DTA::CAB::Analyzer::Dict inherits from DTA::CAB::Analyzer.

Accessors

Dict application is computed as:

 $dic->accessClosure($dic->{analyzeCode})->();

Analysis closure compiled from $dic->{analyzeCode} can use vars:

 $dic   ##-- analyzer object
 $anl   ##-- analyzer object (alias provided by Analyzer::accessClosure)
 $lab   ##-- $dic->{label}
 $dhash ##-- $dic->dictHash()
 #$doc   ##-- document being analyzed
 #$types ##-- types being analyzed with analyzeTypes()
 #$opts  ##-- user options to analyzeTypes()

The following lexical temporaries are provided for convenience:

 $key   ##-- dict key (temporary)
 $val   ##-- dict value (temporary, used by SET macros)

See DTA::CAB::Analyzer for more details on access closures.

Constructors etc.

new
 $obj = CLASS_OR_OBJ->new(%args);

%$obj, %args:

 ##-- Filename Options
 dictFile=> $filename,     ##-- default: none
 ##-- Analysis Output
 label          => $lab,   ##-- analyzer label
 analyzeGet     => $code,  ##-- pseudo-accessor ($code->($tok)): returns list of source keys for token  (default='$_[0]{text}')
 analyzeSet     => $code,  ##-- pseudo-accessor ($code->($tok,$key,$val)) sets analyses for $tok
 ##-- Analysis Options
 encoding       => $enc,   ##-- encoding of dict file (default='UTF-8')
 allowRegex     => $re,    ##-- only lookup tokens whose text matches $re (default=none)
 eqIdWeight     => $w,     ##-- weight for identity analyses for analyzeSet=>$DICT_SET_FST_EQ
 ##-- Analysis objects
 ttd => $ttdict,           ##-- underlying Lingua::TT::Dict object
clear
 $dic = $dic->clear();

Clears the object by calling $dic-E<ttd>clear(). Note that this may not be what you want if the underlying dictionary uses persistent storage -- override this method if that is the case.

Methods: Embedded API

dictOk
 $bool = $dict->dictOk();

Returns false iff dict is undefined or "empty".

dictHash
 \%key2val = $dict->dictHash();

Returns a (possibly tie()d hash) representing dict contents. Default just returns $dic->{ttd}{dict} or a new empty hash.

dictLookup
 $val_or_undef = $dict->dictLookup($key);

Get stored value for key $key, or undef if no such value exists. Default returns $dict->{ttd}{dict}{$key}.

Methods: I/O

ensureLoaded
 $bool = $dic->ensureLoaded();

Ensures analyzer data is loaded from default files. Override calls $dic->{ttd}->loadFile().

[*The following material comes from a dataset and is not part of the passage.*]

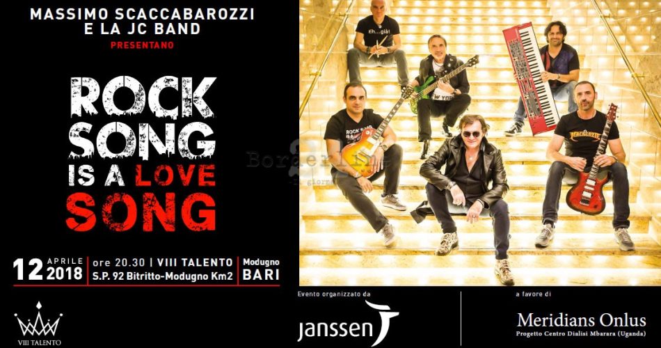 Musica e beneficenza si incontrano al concerto Rock Song is a Love Song in programma giovedì 12 aprile a partire dalle 20.30 al VIII Talento, sulla S.P.92 al km.2 della Bitritto/Modugno.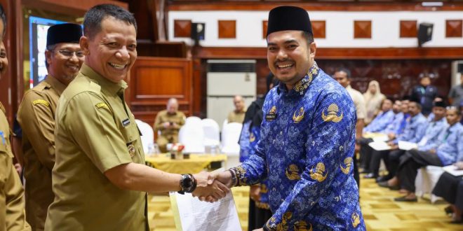 DISTORI.ID – Penjabat Gubernur Aceh Achmad Marzuki, menyerahkan serentak secara digital surat keputusan (SK) pensiun dan kenaikan pangkat untuk 3.360 pegawai negeri sipil (PNS) di seluruh Aceh.

Methods: Persistence: Perl

noSaveKeys
 @keys = $class_or_obj->noSaveKeys();

Returns list of keys not to be saved. Default returns qw(ttd).

loadPerlRef
 $loadedObj = $CLASS_OR_OBJ->loadPerlRef($ref);

Load object data from a retrieve()d perl reference.

Methods: Analysis

canAnalyze
 $bool = $anl->canAnalyze();

Returns true if analyzer can perform its function (e.g. data is loaded & non-empty). Override calls dictOk().

analyzeTypes
 $doc = $anl->analyzeTypes($doc,\%types,\%opts);

Perform type-wise analysis of all (text) types in $doc->{types}.

AUTHOR

Bryan Jurish <moocow@cpan.org>

COPYRIGHT AND LICENSE

Copyright (C) 2011-2019 by Bryan Jurish

This package is free software; you can redistribute it and/or modify it under the same terms as Perl itself, either Perl version 5.24.1 or, at your option, any later version of Perl 5 you may have available.

SEE ALSO

dta-cab-analyze.perl(1), DTA::CAB::Analyzer::Dict::BDB(3pm), DTA::CAB::Analyzer(3pm), DTA::CAB::Chain(3pm), DTA::CAB(3pm), perl(1), ...

POD ERRORS

Hey! The above document had some coding errors, which are explained below:

Around line 376:

Unknown E content in E<ttd>